MILLINOCKET – A logging truck driven by a Canadian man was broadsided by a 19-car Bangor and Aroostook train Friday morning after the trucker attempted to outrun the locomotive at a railroad crossing on Route 157.
The collision caused the derailment of the train’s engine and first three cars just after 9:30 a.m. and hurled 4-foot pieces of pulpwood from the truck to the side of the road.
Michel Bisson of Sainte-Justine, Quebec, was headed west on Route 157 near Dolby Pond and came around a curve too fast, according to Officer Aaron Brooker of the Millinocket Police Department. Brooker said the 24-year-old Bisson passed one car waiting at the flashing train signal.
Despite the train’s headlight and the horn sounded by the engineer, Bisson failed to see the oncoming train until he was nearing the track. Bisson said he knew he couldn’t slow down, according to Brooker.
“Instead of stopping, [Bisson] tried to beat the train, and he was hit where the trailer hooks on the truck,” Brooker said.
The impact pushed the truck off the road and forced the train’s engine to derail and land on its side a few hundred feet past the track’s intersection with Route 157. The first three cars were damaged as a result of slamming into each other. The cars also derailed but remained partially upright. The train blocked the road.
Bisson and the train’s engineer, Vern Jacobs of Millinocket, suffered minor injuries from the accident. Both were taken by ambulance to Millinocket Regional Hospital, were treated Friday and released, according to hospital officials. The train’s conductor was not injured in the wreck.
Bisson received a summons for improper passing, imprudent speed, and failure to stop at a railroad warning device.
Brooker said Route 157 was closed for an hour and a half while the road was cleared. He estimated traffic was backed up between three and five miles. Gardiner Chip Mills provided a loader to move the trailer and push the derailed freight cars away from the roadway after they were separated from the remaining cars.
The freight train had a total of 19 cars including the engine. Thirteen of the cars were carrying paper while the other five were carrying wetlap, a product used in making paper. Brooker said the engine essentially was demolished.
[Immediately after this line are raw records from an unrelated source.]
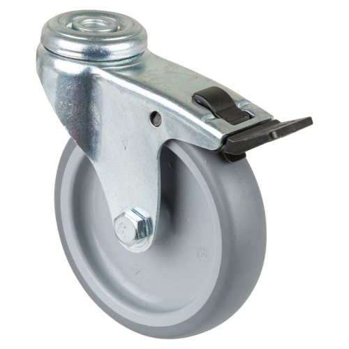 Kolo transportno gibljivo z zavoro in priključno izvrtino, termoplastična guma
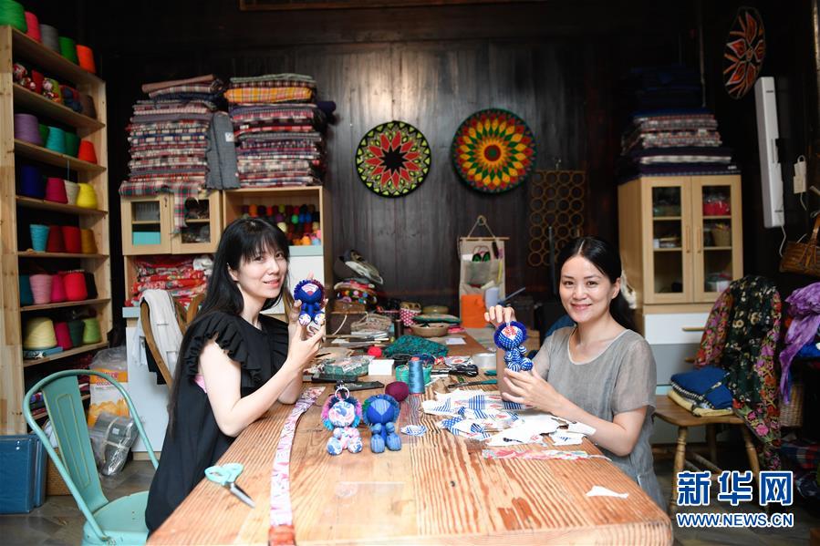 5月26日,在石舍村共同經(jīng)營“三只蝸牛”手工藝品商店和客棧的姐妹陳紫畫(右)、陳莫寒在展示制作的手工藝品。 石舍村是浙江省桐廬縣富春江鄉(xiāng)村慢生活體驗區(qū)中的三個村落之一,位置偏僻,依溪而居,風景秀美。近年來,石舍村結合古建筑保護工作,在清潔、美化村莊的基礎上,對一些廢棄古建筑進行修繕,引入咖啡館、民宿等文化創(chuàng)意類項目,優(yōu)良的生態(tài)環(huán)境和濃郁的文化氛圍吸引大批游客前來體驗,小山村走上了一條發(fā)展美麗經(jīng)濟之路。2018年,石舍村接待游客10萬8千余人次,旅游經(jīng)營凈收入1260余萬元。 新華社記者 黃宗治 攝
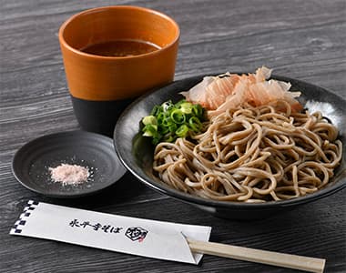 永平寺そば極の十割そばは、そば粉と水だけで打ち上げる純粋なそば。

Including the engine and the first three cars, B&A Railroad Co. estimated the damage at $100,000.
According to Brooker, B&A Railroad Co. hoped to get the track cleared and operational within 24 hours.
Brooker said the tractor-trailer is owned by GD Transport of Sainte-Zacharie, Quebec. He said the trailer was demolished with an estimated damage of $5,000. The tractor received only minimal damage in the wreck.
Bisson’s truck also wrecked the railroad warning device next to the road, although the dollar amount of that damage wasn’t available Friday.
The environmental impact was minimal, according to Jake Ward of the Department of Environmental Protection. Ward estimated that 50 gallons of fuel spilled from the train engine. A crew from Dead River Co. of Millinocket spent Friday afternoon transferring the remaining 500 gallons in the engine into a truck.
The East Millinocket Police Department and game wardens from the Department of Inland Fisheries and Wildlife assisted at the accident.